Mental Health: Not Just 'One in Four'

We know that mental health problems will affect nearly half of us (at least) directly in our lifetimes, and 40% of us by the age of 25, we need to accept that mental health needs to be in the spotlight not just for a couple of weeks or even months but at all times.
|

In the last month, the level of media interest in mental health and the lives of people with mental health problems has been higher than ever. A week of programmes on the BBC, a new five-year strategy for mental health care in England, a (first ever) speech by the Prime Minister and the Duchess of Cambridge's awareness-raising work about children's mental health have raised the volume significantly in the first couple of months of 2016.

In all of those discussions, it is often noted that at any one time about one in four of us will be experiencing a mental health condition, most commonly anxiety or depression. This widely quoted figure derives from the best available data about the prevalence of mental health problems, which among UK adults is 23%.

It is sometimes mistakenly stated, however, that one-in-four is the lifetime risk of mental ill health. Recently published survey data for the first time gives us a more reliable estimate of the real lifetime risk and, unsurprisingly, it is substantially greater. The 2014 Health Survey for England asked people whether they had ever experienced a mental illness and if they had been diagnosed. This identified that 44% of people had a mental health problem at least once in their lives, the vast majority of whom had already experienced a difficulty at least once by the age of 25. Among the 44% who had experienced a mental health problem, 26% had been diagnosed and 18% had not.

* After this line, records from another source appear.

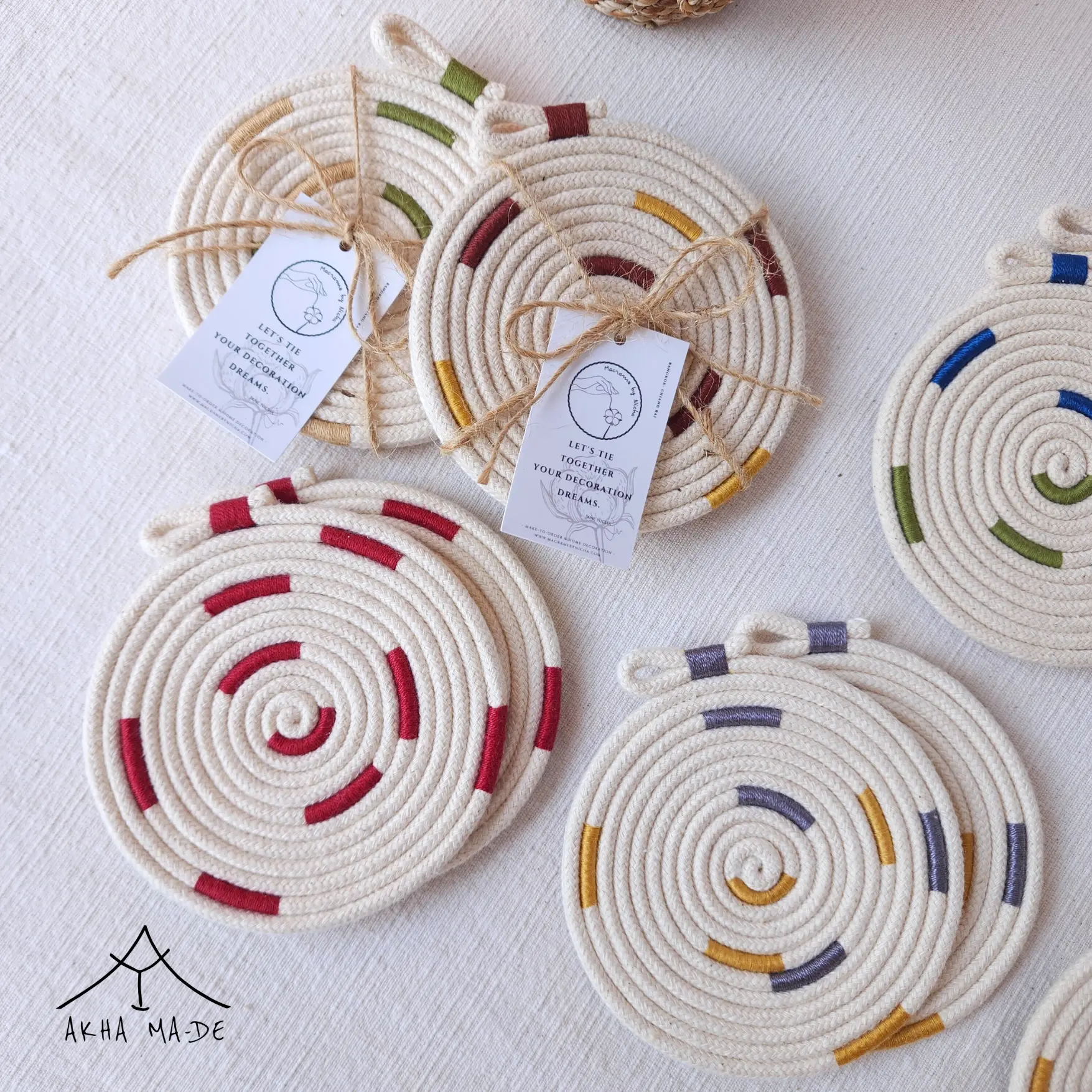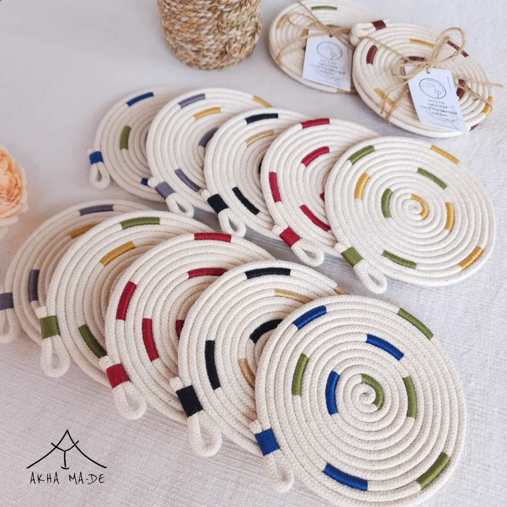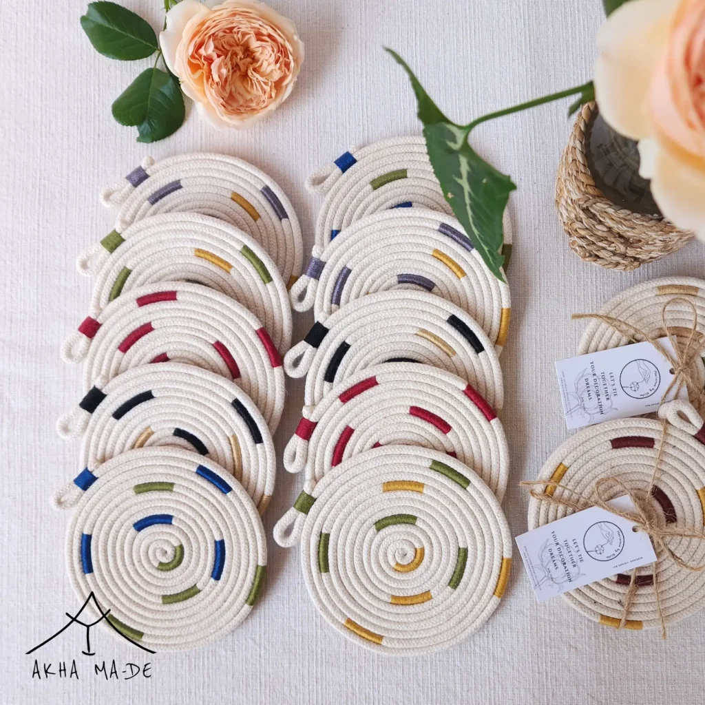 Handwoven with care by Akha women in Northern Thailand, these cotton coasters bring a touch of tradition and meaning to your celebration. Each set includes two coasters, crafted using age-old techniques and natural dyes. Thoughtful, ethical, and beautiful, they make a memorable keepsake for your guests. Washable by hand. Diameter: 10.5 cm. Made to order in ~30 days.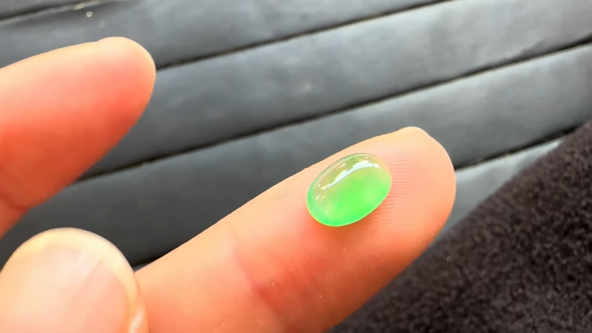 お色がキレイな、アイス蛍光翡翠ルースのご紹介となります!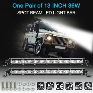 13″ 36W LED Light Bar Slim Work Light Spot Beam Driving Fog Light Road Lighting for Car Truck SUV Boat Marine Jeep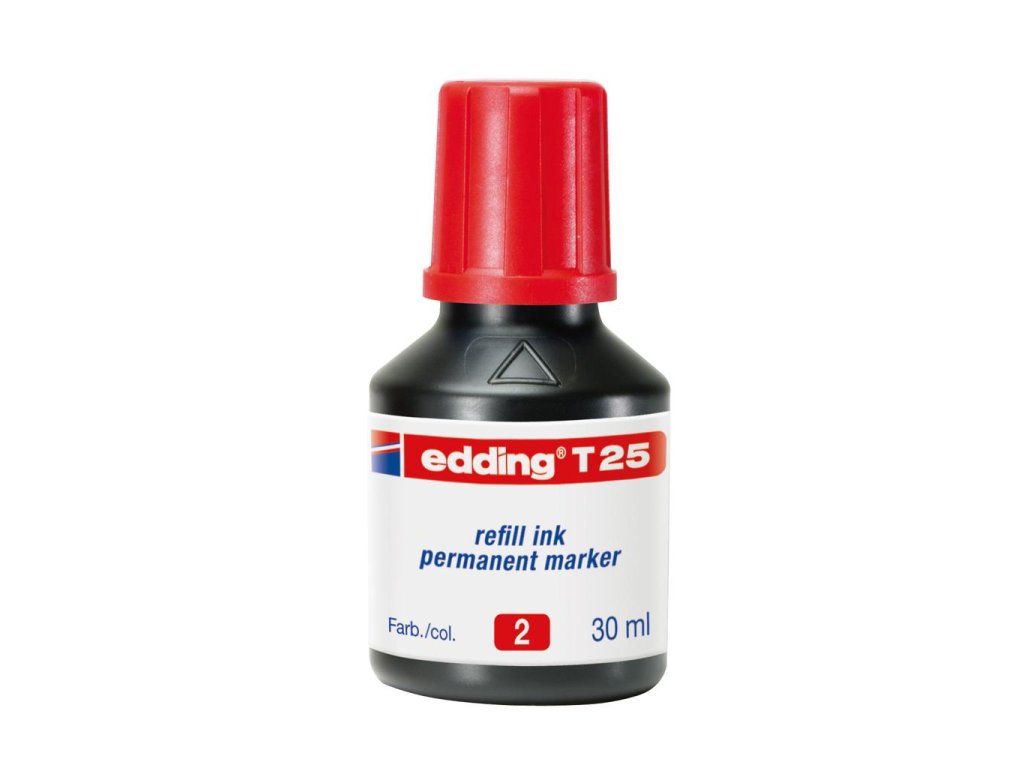 Atrament s kvapkovým dávkovačom na dopĺňanie permanentných popisovačov edding 2000 C, 2200 C, 400, 500, 550, 800, 850, 370 a 390. Pri dopĺňaní vložte prednú časť popisovača špičkou do fľaštičky a po niekoľkých minútach bude popisovač pripravený k opätovnému použitiu. Obsah 30 ml. Tento chemický prípravok je nebezpečný.

These important new statistics are an important reminder of just how common mental health problems are. Anything that affects almost half of us directly will by definition have an impact on every family and every community in the UK. It is not something that affects 'other people' in other families, schools or workplaces.

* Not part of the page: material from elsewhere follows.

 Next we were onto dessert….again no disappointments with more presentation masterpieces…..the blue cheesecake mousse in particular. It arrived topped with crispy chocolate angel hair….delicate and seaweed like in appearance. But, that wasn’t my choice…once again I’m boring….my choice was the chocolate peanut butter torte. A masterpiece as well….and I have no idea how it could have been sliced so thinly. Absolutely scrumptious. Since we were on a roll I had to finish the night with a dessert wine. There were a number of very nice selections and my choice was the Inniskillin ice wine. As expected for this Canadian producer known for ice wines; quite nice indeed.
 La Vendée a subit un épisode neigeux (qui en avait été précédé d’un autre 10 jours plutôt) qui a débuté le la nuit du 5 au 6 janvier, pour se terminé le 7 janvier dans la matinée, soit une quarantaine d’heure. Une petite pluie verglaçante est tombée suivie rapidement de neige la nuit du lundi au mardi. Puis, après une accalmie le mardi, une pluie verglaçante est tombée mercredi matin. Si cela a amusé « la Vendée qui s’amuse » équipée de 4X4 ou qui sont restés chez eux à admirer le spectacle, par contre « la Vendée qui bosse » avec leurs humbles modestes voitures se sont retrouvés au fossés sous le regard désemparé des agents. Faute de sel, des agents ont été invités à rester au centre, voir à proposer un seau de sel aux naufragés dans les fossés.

Efforts to put mental health on a par with physical health in the NHS and health policy have produced some significant successes but still have a long way to go. We now, for the first time, have two waiting time targets for mental health care. We have promises of 'new' funding for mental health services by 2020 amounting to around £1.3 billion. And we have seen commitment to improving mental health support not just from the NHS but from local authorities across the country (more than 70 of which now have member champions for mental health), from schools and from police forces nationwide.

But achieving true equality for mental health (and more importantly for people with mental health problems) is a job half done. Even with over a billion pounds more by 2020, mental health care is likely to receive the same share of NHS funding as it gets now (about 13% for 23% of all health need). People with mental health problems still fare badly at school, in the labour market, in the criminal justice system and many other areas of life. And poor mental health still too often goes hand in hand with poverty, debt, poor physical health and poor housing.

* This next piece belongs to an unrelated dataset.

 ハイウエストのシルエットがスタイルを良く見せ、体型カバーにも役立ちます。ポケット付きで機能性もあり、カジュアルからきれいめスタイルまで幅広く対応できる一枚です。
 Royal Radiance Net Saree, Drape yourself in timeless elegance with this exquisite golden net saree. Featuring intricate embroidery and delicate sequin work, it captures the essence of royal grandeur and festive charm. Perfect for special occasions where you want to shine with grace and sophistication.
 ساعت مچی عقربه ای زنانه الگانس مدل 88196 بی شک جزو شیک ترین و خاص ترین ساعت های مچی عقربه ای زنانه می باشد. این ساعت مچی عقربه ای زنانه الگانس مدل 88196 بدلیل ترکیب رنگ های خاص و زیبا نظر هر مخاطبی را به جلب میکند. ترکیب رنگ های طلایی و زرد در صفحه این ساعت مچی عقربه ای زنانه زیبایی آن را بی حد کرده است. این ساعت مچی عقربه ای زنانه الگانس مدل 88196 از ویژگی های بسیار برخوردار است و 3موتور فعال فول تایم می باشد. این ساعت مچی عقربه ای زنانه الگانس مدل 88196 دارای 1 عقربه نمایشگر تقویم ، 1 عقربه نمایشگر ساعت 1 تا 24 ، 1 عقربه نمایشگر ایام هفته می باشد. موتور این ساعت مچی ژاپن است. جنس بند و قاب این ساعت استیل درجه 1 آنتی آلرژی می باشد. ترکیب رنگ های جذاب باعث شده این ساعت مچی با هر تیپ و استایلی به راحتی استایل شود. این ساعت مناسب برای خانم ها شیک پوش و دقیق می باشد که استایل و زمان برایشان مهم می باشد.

Recognising just how widespread poor mental health is will not in itself change attitudes, policies or spending decisions. But it should contribute to the growing realisation that marginalising mental health policy and people with mental health problems is unsustainable and unacceptable. From the first spark of life to the end of life, we need to make better mental health a common goal of all public services and a priority at every level of government.

Now we know that mental health problems will affect nearly half of us (at least) directly in our lifetimes, and 40% of us by the age of 25, we need to accept that mental health needs to be in the spotlight not just for a couple of weeks or even months but at all times.